Stored entries
..............................
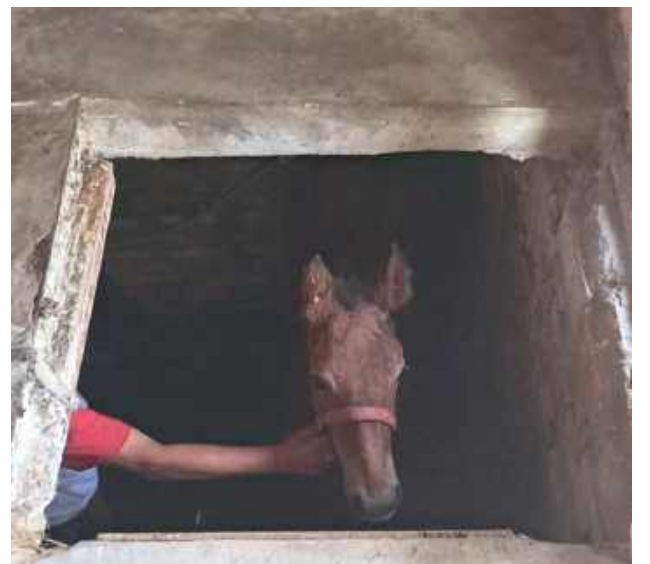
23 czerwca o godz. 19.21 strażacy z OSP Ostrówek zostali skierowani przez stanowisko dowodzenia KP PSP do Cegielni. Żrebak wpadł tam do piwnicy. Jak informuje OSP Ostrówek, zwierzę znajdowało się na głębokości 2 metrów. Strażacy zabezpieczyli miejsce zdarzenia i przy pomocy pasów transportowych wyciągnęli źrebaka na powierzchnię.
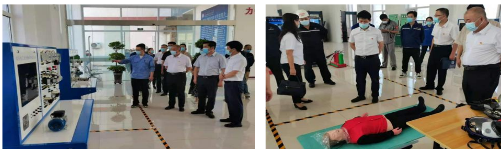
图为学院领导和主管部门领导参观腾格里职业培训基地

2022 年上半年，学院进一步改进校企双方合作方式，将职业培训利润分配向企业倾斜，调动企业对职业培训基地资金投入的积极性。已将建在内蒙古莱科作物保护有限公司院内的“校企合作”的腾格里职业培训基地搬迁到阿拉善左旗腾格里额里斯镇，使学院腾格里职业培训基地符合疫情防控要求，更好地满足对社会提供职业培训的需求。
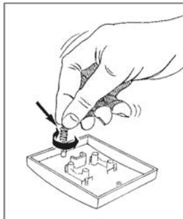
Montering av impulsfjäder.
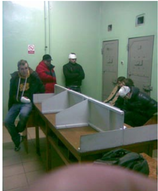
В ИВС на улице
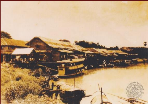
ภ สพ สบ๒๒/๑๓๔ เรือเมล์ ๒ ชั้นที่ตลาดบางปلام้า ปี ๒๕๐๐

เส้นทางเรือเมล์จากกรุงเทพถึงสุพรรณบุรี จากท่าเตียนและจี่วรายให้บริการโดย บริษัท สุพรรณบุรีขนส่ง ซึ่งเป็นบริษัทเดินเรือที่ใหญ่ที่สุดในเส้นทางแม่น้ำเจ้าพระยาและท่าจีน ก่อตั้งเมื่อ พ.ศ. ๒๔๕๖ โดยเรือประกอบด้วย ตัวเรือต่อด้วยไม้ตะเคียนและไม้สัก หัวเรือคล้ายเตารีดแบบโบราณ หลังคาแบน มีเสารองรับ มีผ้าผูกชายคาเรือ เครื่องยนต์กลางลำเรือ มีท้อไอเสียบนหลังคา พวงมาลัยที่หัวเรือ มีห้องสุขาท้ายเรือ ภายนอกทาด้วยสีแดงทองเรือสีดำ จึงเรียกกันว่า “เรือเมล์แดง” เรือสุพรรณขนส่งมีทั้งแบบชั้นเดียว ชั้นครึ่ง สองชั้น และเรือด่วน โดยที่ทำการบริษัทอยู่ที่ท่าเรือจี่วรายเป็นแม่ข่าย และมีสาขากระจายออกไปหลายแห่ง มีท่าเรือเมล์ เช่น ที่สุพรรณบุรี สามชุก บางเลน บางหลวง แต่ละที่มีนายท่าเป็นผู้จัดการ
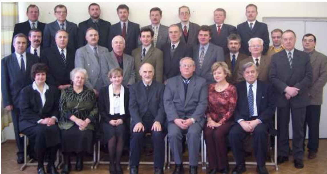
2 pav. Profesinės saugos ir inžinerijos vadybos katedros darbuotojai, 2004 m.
..............................
**Exercise aim**
Exactly the lines from the one that contains "Montering av impulsfjäder." through the last line of the records should be set down, and the pictures should be dropped.

**Task answer**
Montering av impulsfjäder.
В ИВС на улице
ภ สพ สบ๒๒/๑๓๔ เรือเมล์ ๒ ชั้นที่ตลาดบางปلام้า ปี ๒๕๐๐

เส้นทางเรือเมล์จากกรุงเทพถึงสุพรรณบุรี จากท่าเตียนและจี่วรายให้บริการโดย บริษัท สุพรรณบุรีขนส่ง ซึ่งเป็นบริษัทเดินเรือที่ใหญ่ที่สุดในเส้นทางแม่น้ำเจ้าพระยาและท่าจีน ก่อตั้งเมื่อ พ.ศ. ๒๔๕๖ โดยเรือประกอบด้วย ตัวเรือต่อด้วยไม้ตะเคียนและไม้สัก หัวเรือคล้ายเตารีดแบบโบราณ หลังคาแบน มีเสารองรับ มีผ้าผูกชายคาเรือ เครื่องยนต์กลางลำเรือ มีท้อไอเสียบนหลังคา พวงมาลัยที่หัวเรือ มีห้องสุขาท้ายเรือ ภายนอกทาด้วยสีแดงทองเรือสีดำ จึงเรียกกันว่า “เรือเมล์แดง” เรือสุพรรณขนส่งมีทั้งแบบชั้นเดียว ชั้นครึ่ง สองชั้น และเรือด่วน โดยที่ทำการบริษัทอยู่ที่ท่าเรือจี่วรายเป็นแม่ข่าย และมีสาขากระจายออกไปหลายแห่ง มีท่าเรือเมล์ เช่น ที่สุพรรณบุรี สามชุก บางเลน บางหลวง แต่ละที่มีนายท่าเป็นผู้จัดการ
2 pav. Profesinės saugos ir inžinerijos vadybos katedros darbuotojai, 2004 m.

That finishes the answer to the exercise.